By returning immediately out of the loop, Chrome's time drops by a factor of 12.1, whereas IE's stays pretty much constant.

I suspect what's happening here is that the IE engine is somehow marking that entire function as deadcode, and thus, not running it; the ~10ms accounts for the time it takes to run that for loop 250k times, but the cordicsincos() code is not being run at all. Ironically, deadcode somewhere in the function causes the engine to NOT throw it all away, and its gets run.

In fact, if we just kill that for loop all together:

  --- tests/sunspider-0.9.1/math-cordic.js        2010-11-17 00:55:29.000000000 -0700
  +++ tests/sunspider-0.9.1-deadcode/math-cordic.js       2010-11-17 01:16:36.000000000 -0700
  @@ -62,20 +62,6 @@

       TargetAngle = FIXED(28.027);
       CurrAngle = 0;
  -    for (Step = 0; Step < 12; Step++) {
  - *snip for brevity*
  -    }
We get the following times:

  Chrome: 8.9ms
      IE: 10.6ms
What I suspect is that the IE engine is seeing "Okay, nothing is returned, and nothing outside of the scope of this function is ever altered", so once it steps into it, it just immediately returns. This is arguably correct behavior! That code is, for all practical purposes, worthless.
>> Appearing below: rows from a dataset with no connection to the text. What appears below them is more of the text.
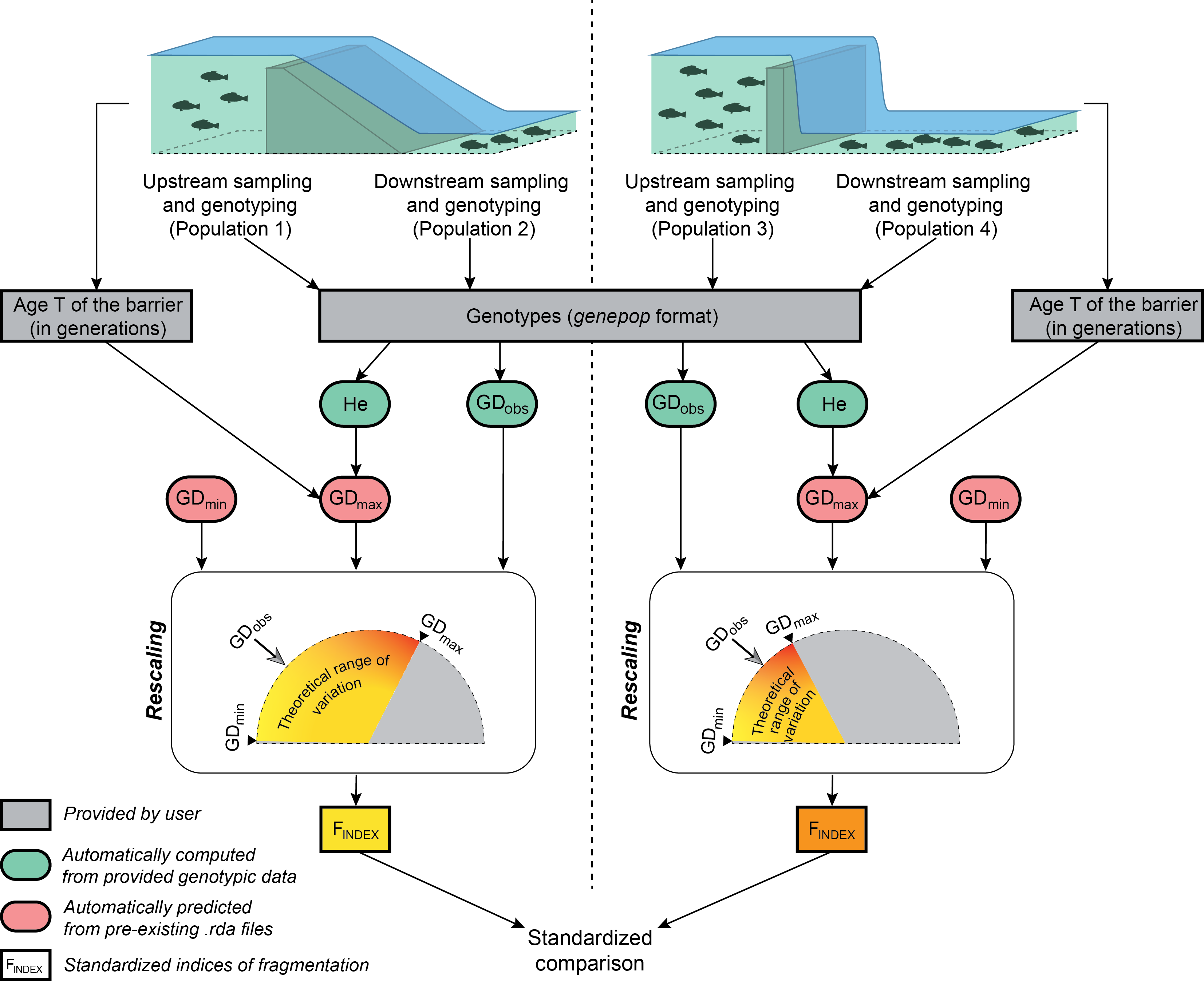 Flowchart illustrating the major steps in calculating the genetic index of frgmentation for two independent obstacles. After the sampling of populations located at the immediate upstream and downstream vicinity of each obstacle, users only have to provide a file of genotypes in the genepop format and a file of parameters indicating, for each obstacle, the names of the sampled populations and the number T of generations elapsed since the creation of the obstacle. Observed measures of genetic differentiation GDobs and mean expected heterozygosity He are automatically computed from provided genotypic data. GDmin and GDmax values, both delimiting the theoretical range of variation of GDobs, are automatically predicted from pre-existing .rda file, GDmax values depending on both He and T. The computation of the Findex basically amounts to rescaling GDobs within its theoretical range, thus allowing standardized comparisons of the permeability of various obstacles, whatever their age, the considered species or the effective size of sampled populations.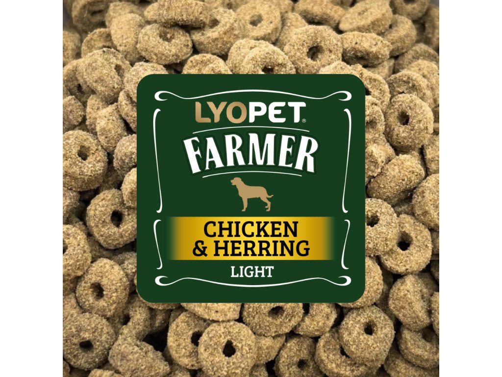 Lyopet Farmer Light Chicken & Herring (Kuře s herynkem) je kompletní superprémiové krmivo vyvinuté pro podporu zdraví dospělých psů a psích seniorů. Vysoký podíl masa zahrnuje čerstvé masa z kuřete a herynka, šetrně zpracované za nízkých teplot a obalené v mrazem sušeném mase, aby si zachovalo maximum živin i chuti. Přidané kolostrum podporuje přirozenou obranyschopnost díky imunoglobulinům.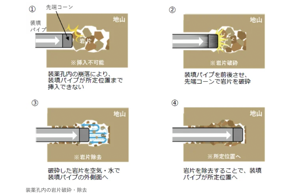 - 崩落への対応: 装置先端にステンレス製の「コーン」を装備。穴が岩片で閉塞していても、これを破砕・除去して装填パイプを挿入できる。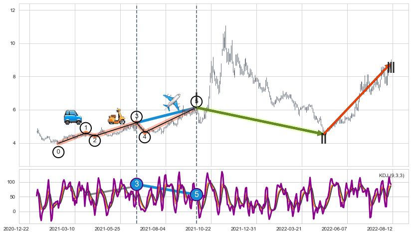 ➣ 第三,五驱动浪端点:【KDJ】走势出现【常规背离 & 反转信号】背离程度97.04%,背离夹角角度62.2˚,背离程度中等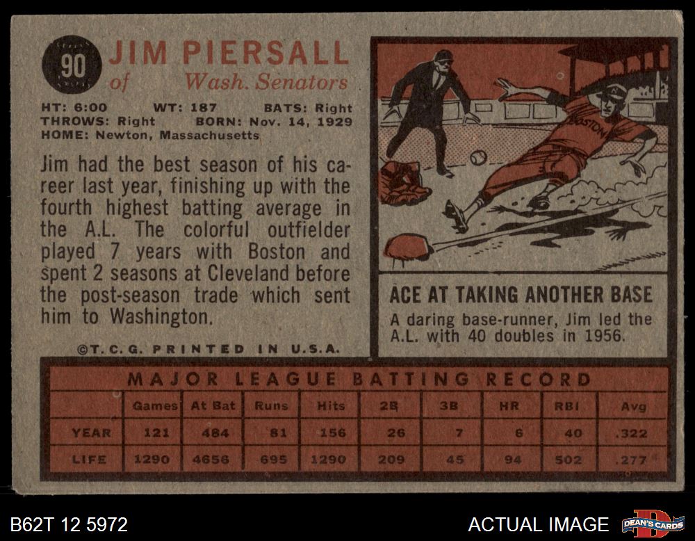 1962 Topps #90 Jimmy Piersall 2 - GOOD
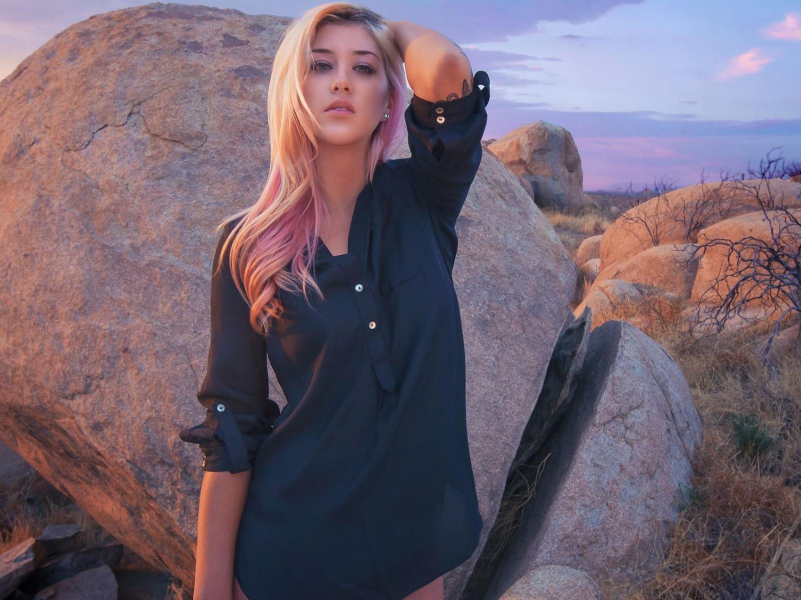 Wallpaper Blonde standing at a large boulder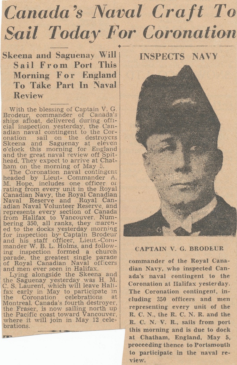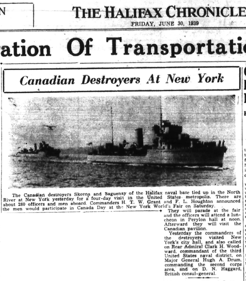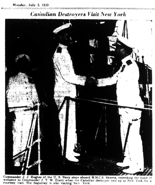 (SK016) HMCS SKEENA and HMCS ST LAURENT visit New York - The Halifax Mail, Fri., 30 Jun 1939 // Researched by / Courtesy of George Newbury (SK017) HMCS SKEENA visits New York, NY - The Halifax Mail, Mon., 03 Jul 1939 // Researched by / Courtesy of George Newbury (SK018) Stokers on HMCS SKEENA c1939/40. Sto PO Robert F. Dallin, top left // From the collection of Robert F. Dallin, Chief Stoker Mechanic, RCN // Courtesy of Peter White (SK019) Peter Meek and John Pinkney on HMCS SKEENA during WW2 // Courtesy of the Battle of the Atlantic Society Canada's Naval Memorial Trust Collection (SK020) Lt Peter Chance and Wren L/Tel Margaret Parker, WRNS on HMCS SKEENA on their wedding day, 13 Sep 1944 // Courtesy of Peter Chance

If we just move one of the variable references out of function scope (or just remove the var, making it effectively a global variable), IE takes the extra time to run:

  --- tests/sunspider-0.9.1/math-cordic.js        2010-11-17 00:55:29.000000000 -0700
  +++ tests/sunspider-0.9.1-deadcode/math-cordic.js       2010-11-17 01:22:49.000000000 -0700
  @@ -50,11 +50,11 @@
  +var CurrAngle;
   function cordicsincos() {
       var X;
       var Y;
       var TargetAngle;
  -    var CurrAngle;
       var Step;

       X = FIXED(AG_CONST);         /* AG_CONST * cos(0) */

  Chrome: 99.9ms
      IE: 217.1ms
Sorry, guys. I like a good IE bash-fest (Hey, it's still slower than V8 when it actually runs the code!) as much as anyone, but I think it's legit here. The benchmark is poorly-conceived, and IE does the right thing with it, though it obviously distorts the scores in their favor. That's a problem with the benchmark, though, not IE.

Edit (like...#14): It could well just be cheating on analysis in this particular case, which I stupidly overlooked. For example, this diff:

  --- tests/sunspider-0.9.1/math-cordic.js        2010-11-17 00:55:29.000000000 -0700
  +++ tests/sunspider-0.9.1-deadcode/math-cordic.js       2010-11-17 02:09:34.000000000 -0700
  @@ -62,7 +62,7 @@

       TargetAngle = FIXED(28.027);
       CurrAngle = 0;
  -    for (Step = 0; Step < 12; Step++) {
  +    for (Step = 12; Step > 0; Step--) {
           var NewX;
           if (TargetAngle > CurrAngle) {
               NewX = X - (Y >> Step);
Results in runtimes of:

  Chrome: 246.8ms
      IE: 956.5ms
Replacing the for with a while also results in long runtimes:

  --- tests/sunspider-0.9.1/math-cordic.js        2010-11-17 00:55:29.000000000 -0700
  +++ tests/sunspider-0.9.1-deadcode/math-cordic.js       2010-11-17 02:12:03.000000000 -0700
  @@ -59,10 +59,11 @@

       X = FIXED(AG_CONST);         /* AG_CONST * cos(0) */
       Y = 0;                       /* AG_CONST * sin(0) */
  +    Step = 0;

       TargetAngle = FIXED(28.027);
       CurrAngle = 0;
  -    for (Step = 0; Step < 12; Step++) {
  +    while(Step < 12) {
           var NewX;
           if (TargetAngle > CurrAngle) {
               NewX = X - (Y >> Step);
  @@ -75,6 +76,7 @@
               X = NewX;
               CurrAngle -= Angles[Step];
  +        Step++;

  Chrome: 103.4ms
      IE: 190.0ms
So, my initial conclusions were wrong. Its dead code analysis is either incredibly narrow, or it was hand-crafted to optimize out that part of the benchmark. Either way it's rubbish.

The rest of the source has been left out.